Figure 1. Segment Routing reduces complexity, but not for the same capability
The old saying in network is you can’t reduce complexity, which I always append “for the same capability”. The conventional wisdom is that Segment Routing shifts information from the control plane to the forwarding plane. There is truth to this. However, whether the complexity/state reduction from the IP/MPLS control plane to the Segment Routing control plane is mostly due to do that shifting of information to the forwarding plane, or mostly to due to a reduction in capability, is probably difficult to quantify, but for sure it is both.
For operators that do not want fine-grained TE, that is fine, the conversation ends there. For operators who still want a little more fine grained TE, then this opens up the issue of how, and what are the implications. One candidate that emerges in this conversation is policy-based routing. In other words, source-routing traffic on different paths based on inspecting packets and identifying different flows. This creates more information, though not back in the control plane, in configuration and operations.
Figure 2. Segment Routing + Policy-based Routing increases complexity / state in configuration and operations.

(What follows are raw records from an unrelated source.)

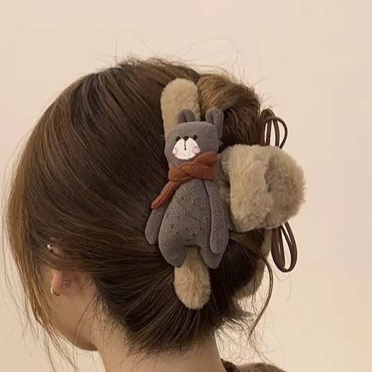 스카프 베어 봉제 클립 여성용 가을과 겨울 부드러운 복고풍 기질 고급 감각 헤어 멀티 사이즈 상어 클립 헤어 액세서리스토어 가기
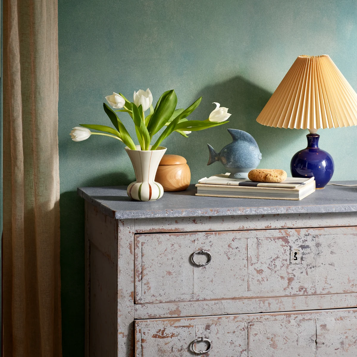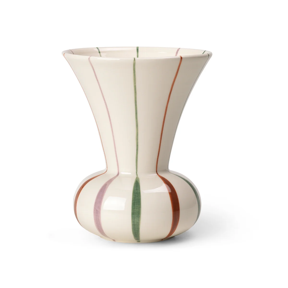 Ein humorvolles Detail sind die charakteristischen Linien, die sich über den Rand hinweg bis ins Innere der Vase erstrecken. Das ist nicht nur elegant und überraschend, sondern verleiht dem Design auch eine neue Dimension, da die Form sowohl innen als auch außen akzentuiert wird. Die Vase ist aus Keramik gefertigt und handbemalt. Das trägt zu der Lebendigkeit des authentischen Charmes bei, der außerdem durch die grafische Interpretation von Blumen und Samenköpfen auf den Vasen entsteht.
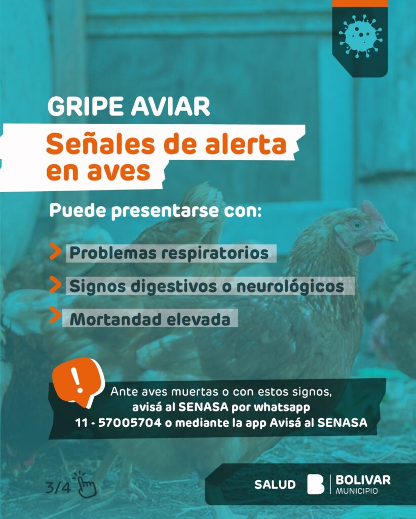 Parte de prensa – La Municipalidad de Bolívar informa que el Servicio Nacional de Sanidad y Calidad Agroalimentaria (SENASA) confirmó la detección de casos de Influenza Aviar (Gripe Aviar) en aves de corral dentro del partido. Ante esta situación, se activaron de inmediato los protocolos sanitarios correspondientes.

This leads to the important discussion of what should be the single/primary source of truth in a network, the network itself or controllers/management systems.
It has been demonstrated time and time again that the most authoritative/accurate source of information about the network, is the network. Companies that have started with the principle that the network management system is the source of truth and the the “owner” of network state, have sometimes had to start again. If you want to know about the network, then ask the network. If you want to know if a port is UP on a router, ask the router.
As much as routers know the most about their own state, they don’t know anything about the intent of the network operator. This has to be communicated to routers, often through configuration.
Figure 3. Policy being distributed from network manager to routers.
Generally speaking, routers do not have a way, today, to discover / create intent. This is clearly information that is derived from services supported, business models, and engineering / operations philosophies.
A potential problem arises if multiple entities start playing with policy, controllers/network managers and individual operations people.
Figure 4. Policy being distributed from network manager to routers.
There are multiple challenges with policy configuration to start with. Generally speaking, it can be difficult to look at policy statements and know individually, and especially collectively, what the reasons behind the configuration are. This can become especially confusing for operations people when doing troubleshooting. It is worse when there are policy statements throughout the network that have to be coherent. In the modern trend, and especially with Segment Routing, the issue of coherency is mitigated by moving policy from the core to the edge / distribution points in the network. The issue of why something is configured the way it is, may still remain. Hopefully controller / network managers will address this challenge going forward.
A potentially bigger problem is if one person does policy configuration via the CLI and another does it via a controller / network manager. It can be hard enough to know what the network should be / is doing with a specific flow when the list of policy statements become long. It will be even more difficult if a troubleshooter goes to the controller / network manager and gets one view of what is happening, not knowing about what has been entered through a command line interface (CLI).
The more non-programmatic configuration there is, the more confusing it maybe for operations people, to know what the network is doing, particularly problematic when trouble-shooting.
Conclusion
You cannot reduce complexity / information for the same capability. Segment Routing reduces state in the core, reducing information about individual paths, and thus reducing capability as well. Those network operators that want a more fine-grained approach to TE, may decide to use policy-based routing, which may push more state and complexity into configuration / operations. Information / complexity does not only move between control and forwarding plane, but also between the management plane / configuration / operations and the network.